#### Task goal:
Ignore the pictures in the data below and set down exactly the lines from its first line through the line containing "青年教师高晋阳的博士学位论文".

#### Listed records:
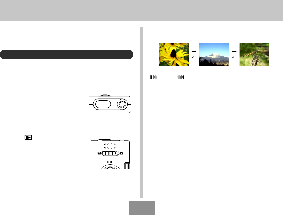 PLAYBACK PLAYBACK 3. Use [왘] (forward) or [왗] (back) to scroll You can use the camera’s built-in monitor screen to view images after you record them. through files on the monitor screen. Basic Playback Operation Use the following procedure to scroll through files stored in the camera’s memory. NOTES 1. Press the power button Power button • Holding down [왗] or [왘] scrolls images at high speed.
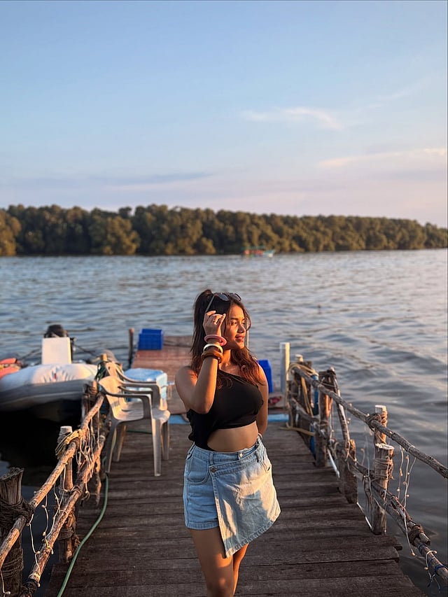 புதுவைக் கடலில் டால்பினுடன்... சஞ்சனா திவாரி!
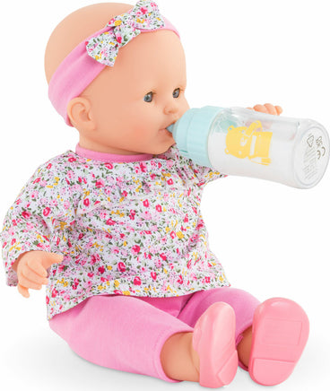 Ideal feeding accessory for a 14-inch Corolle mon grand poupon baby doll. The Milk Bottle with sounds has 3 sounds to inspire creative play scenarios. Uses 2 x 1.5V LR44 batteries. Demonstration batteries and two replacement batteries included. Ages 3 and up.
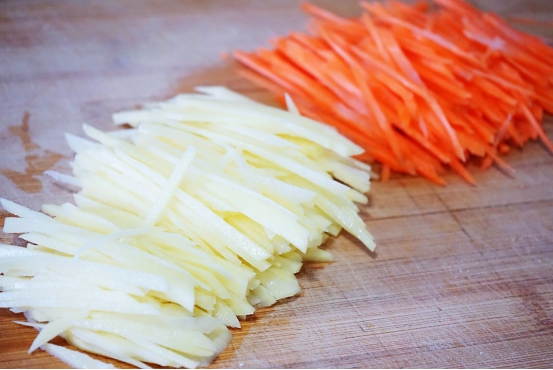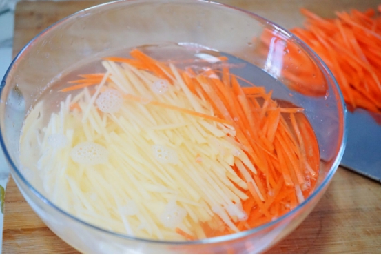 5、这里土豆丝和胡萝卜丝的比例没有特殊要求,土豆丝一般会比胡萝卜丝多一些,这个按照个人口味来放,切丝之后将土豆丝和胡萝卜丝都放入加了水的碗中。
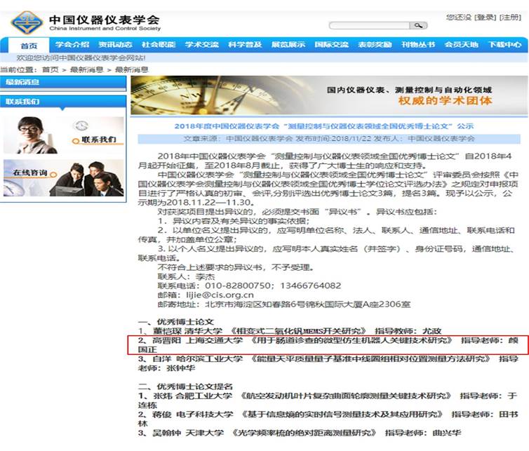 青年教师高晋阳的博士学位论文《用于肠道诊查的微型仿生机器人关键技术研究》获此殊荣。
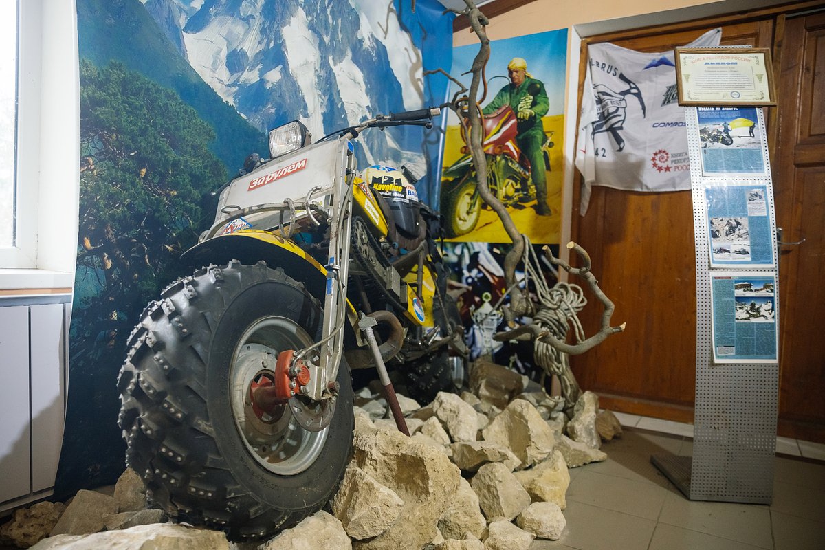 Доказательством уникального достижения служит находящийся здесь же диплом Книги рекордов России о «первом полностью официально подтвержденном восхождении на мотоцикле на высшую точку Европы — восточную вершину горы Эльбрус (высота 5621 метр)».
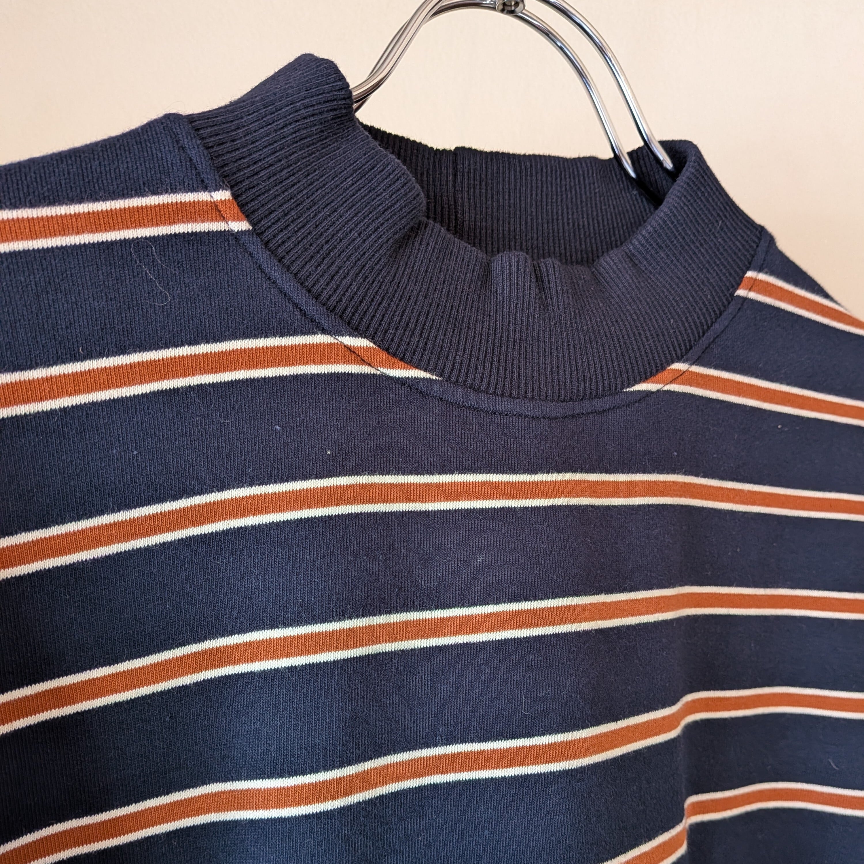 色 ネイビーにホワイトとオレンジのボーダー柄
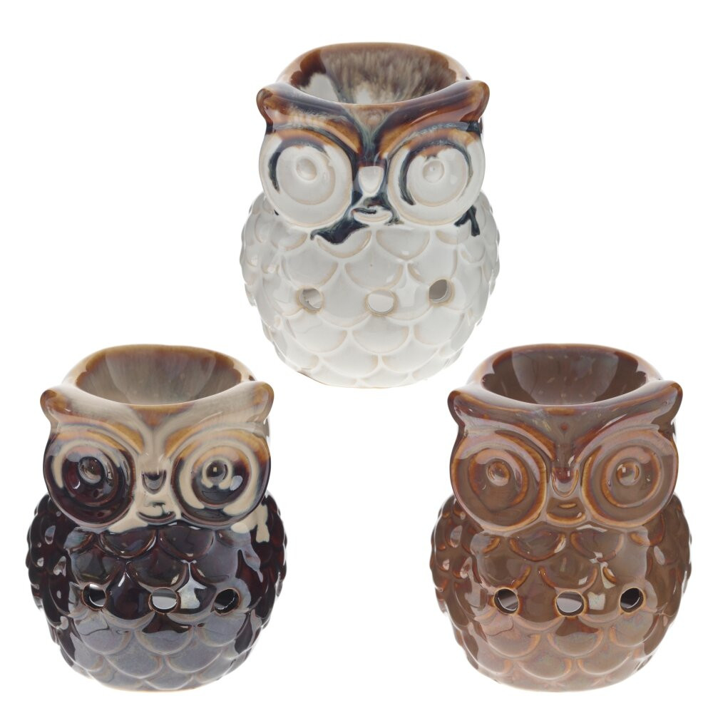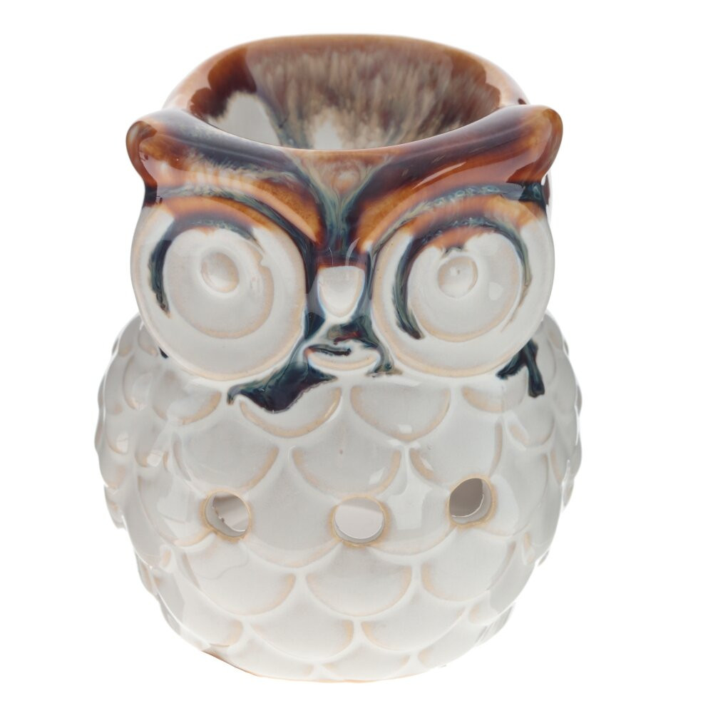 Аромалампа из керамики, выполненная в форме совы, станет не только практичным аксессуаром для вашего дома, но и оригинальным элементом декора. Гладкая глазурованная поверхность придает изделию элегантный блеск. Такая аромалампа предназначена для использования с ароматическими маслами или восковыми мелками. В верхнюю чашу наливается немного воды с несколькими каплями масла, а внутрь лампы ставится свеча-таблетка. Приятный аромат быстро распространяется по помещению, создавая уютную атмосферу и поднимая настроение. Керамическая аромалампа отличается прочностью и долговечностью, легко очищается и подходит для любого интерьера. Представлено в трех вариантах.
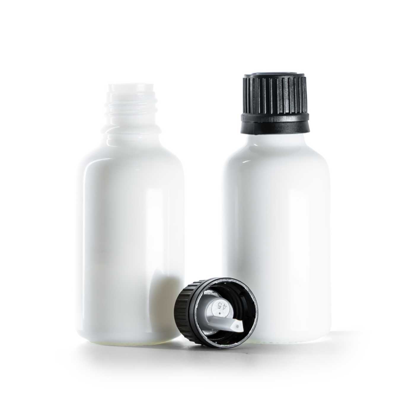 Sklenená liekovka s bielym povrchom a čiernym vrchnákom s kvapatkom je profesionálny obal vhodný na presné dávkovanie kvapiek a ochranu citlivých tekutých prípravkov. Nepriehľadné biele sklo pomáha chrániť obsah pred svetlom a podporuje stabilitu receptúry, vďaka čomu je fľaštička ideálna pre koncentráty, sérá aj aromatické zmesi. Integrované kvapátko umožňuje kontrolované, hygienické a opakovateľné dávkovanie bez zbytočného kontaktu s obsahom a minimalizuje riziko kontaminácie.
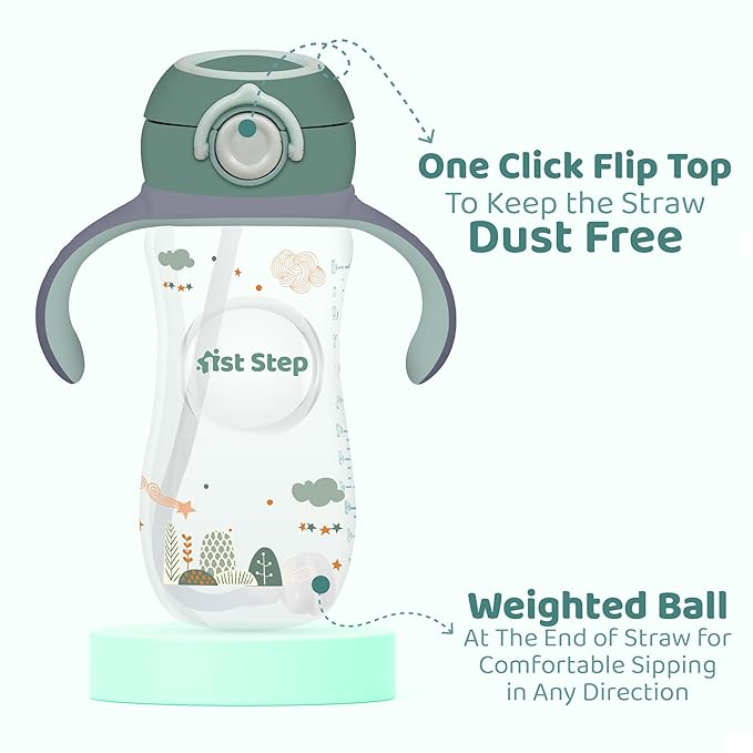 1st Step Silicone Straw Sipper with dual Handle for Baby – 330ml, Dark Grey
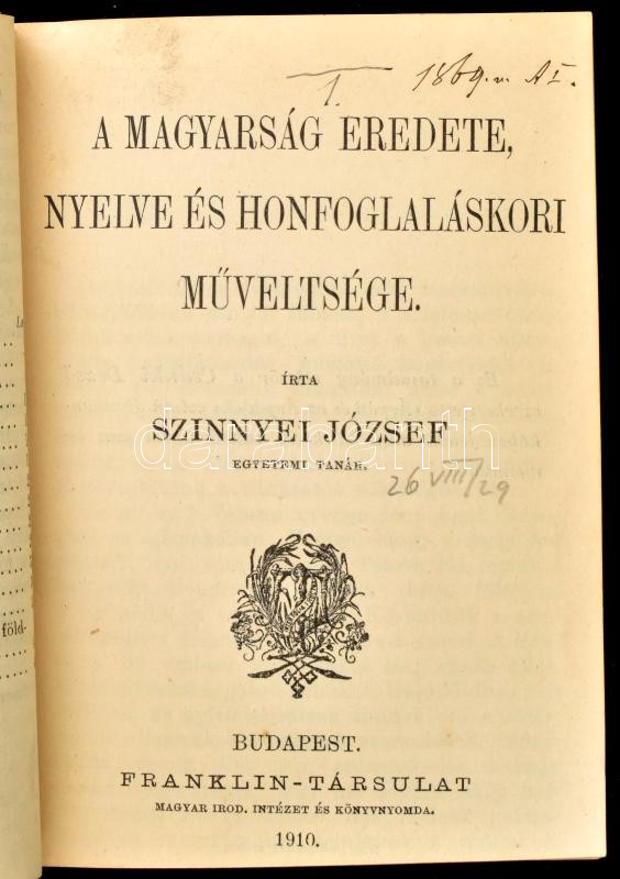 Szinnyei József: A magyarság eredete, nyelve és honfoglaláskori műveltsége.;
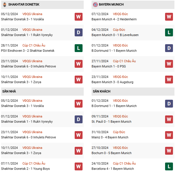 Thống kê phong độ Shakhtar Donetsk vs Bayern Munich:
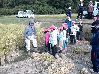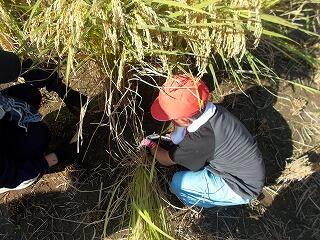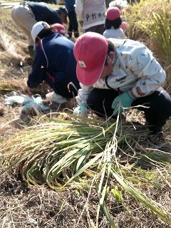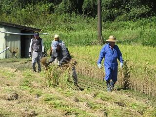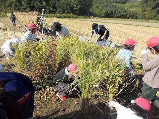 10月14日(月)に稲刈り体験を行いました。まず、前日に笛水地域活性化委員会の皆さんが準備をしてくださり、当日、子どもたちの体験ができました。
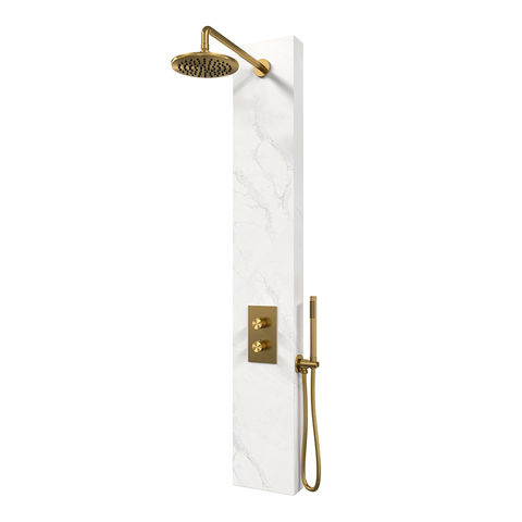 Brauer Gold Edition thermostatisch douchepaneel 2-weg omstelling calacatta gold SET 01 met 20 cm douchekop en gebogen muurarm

#### Problem solution:
 PLAYBACK PLAYBACK 3. Use [왘] (forward) or [왗] (back) to scroll You can use the camera’s built-in monitor screen to view images after you record them. through files on the monitor screen. Basic Playback Operation Use the following procedure to scroll through files stored in the camera’s memory. NOTES 1. Press the power button Power button • Holding down [왗] or [왘] scrolls images at high speed.
 புதுவைக் கடலில் டால்பினுடன்... சஞ்சனா திவாரி!
 Ideal feeding accessory for a 14-inch Corolle mon grand poupon baby doll. The Milk Bottle with sounds has 3 sounds to inspire creative play scenarios. Uses 2 x 1.5V LR44 batteries. Demonstration batteries and two replacement batteries included. Ages 3 and up.
 5、这里土豆丝和胡萝卜丝的比例没有特殊要求,土豆丝一般会比胡萝卜丝多一些,这个按照个人口味来放,切丝之后将土豆丝和胡萝卜丝都放入加了水的碗中。
 青年教师高晋阳的博士学位论文《用于肠道诊查的微型仿生机器人关键技术研究》获此殊荣。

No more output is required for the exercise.